On October 22, 2014 32-year-old Michael Zehaf-Bibeau killed Corporal Nathan Crillio at the Canadian National War Memorial with a .30-30 calibre Winchester riffle, a firearm typically suited to hunting deer. Driving the short distance to Parliament Hill, he then entered Centre Block, to be killed minutes later, leaving much of the downtown core on lockdown.

Two days before in Saint-Jean-sur-Richelieu, Quebec, 25-year-old Martin Couture-Rouleau ran down two Canadian soldiers with his car, killing one, and Canada’s terror threat level was raised to medium.

Terror had arrived in Canada. And no one seemed prepared.

Bill C-51

Hours after the Ottawa shooting, Prime Minister Stephen Harper explained how Canada would “never be intimidated,” in a statement that permitted his Conservative Government to fast-track new anti-terror legislation, Bill C-51.

Over 100 academics have argued that there are major problems with the bill.

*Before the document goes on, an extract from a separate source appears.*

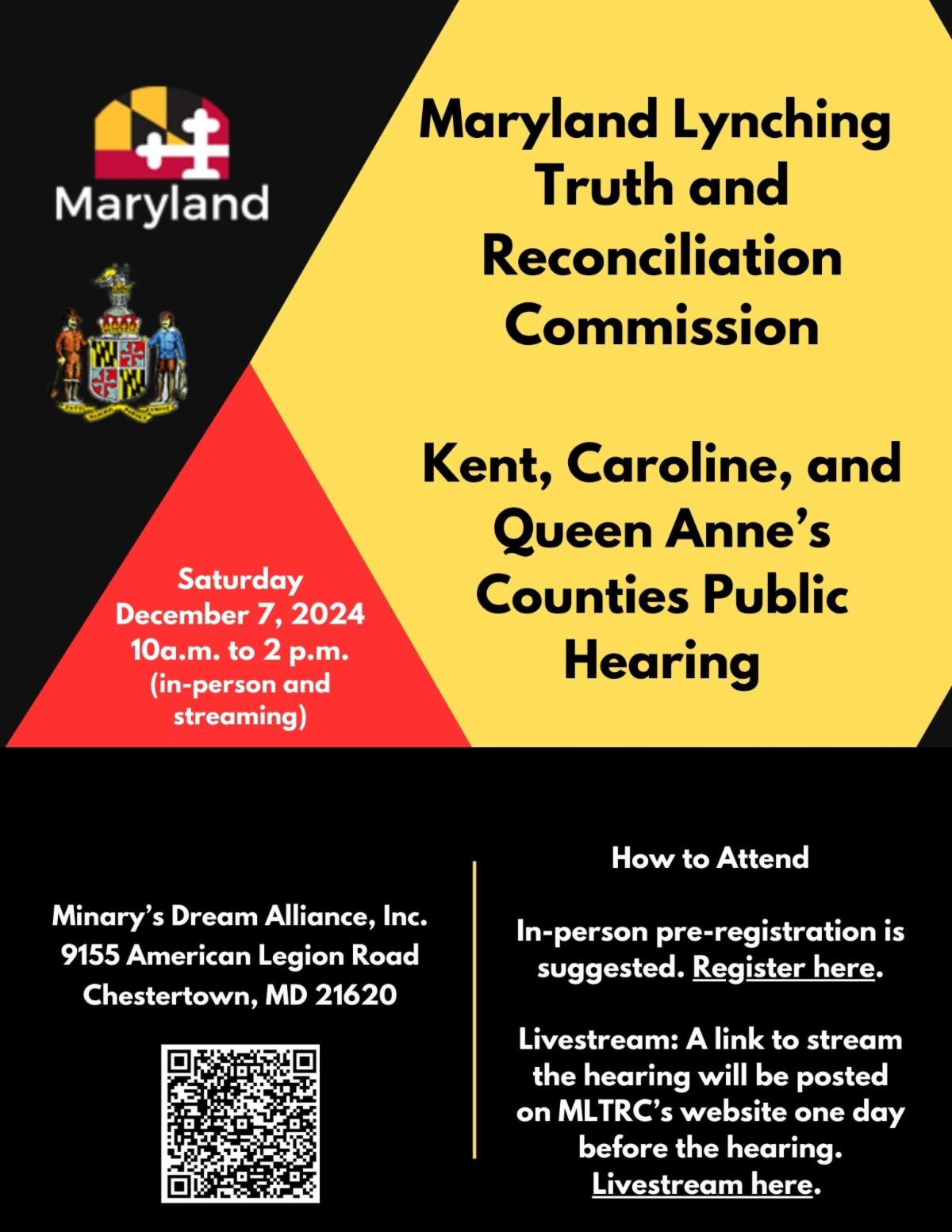 To register to attend the Maryland Lynching Truth and Reconciliation Commission's public hearing either in-person or by livestream, please CLICK HERE, as the links on the flyer are not active.

Bill-C51, which has passed its second reading before Parliament, seeks to reform laws already in place by making the promotion or intentional advocacy of terrorism illegal, removing such propaganda from the Internet and lowering the thresholds for terror arrests from acts that ‘will’ to those that ‘may’ be carried out. Information sharing by government arms - previously having led to injustices - also expands.

According to a critique released by law professors Craig Forcese and Kent Roach, “It is, quite simply, the broadest concept of security that we have ever seen codified into law in Canada.” Along with Forcese and Roach, over 100 academics have argued that there are major problems with the bill.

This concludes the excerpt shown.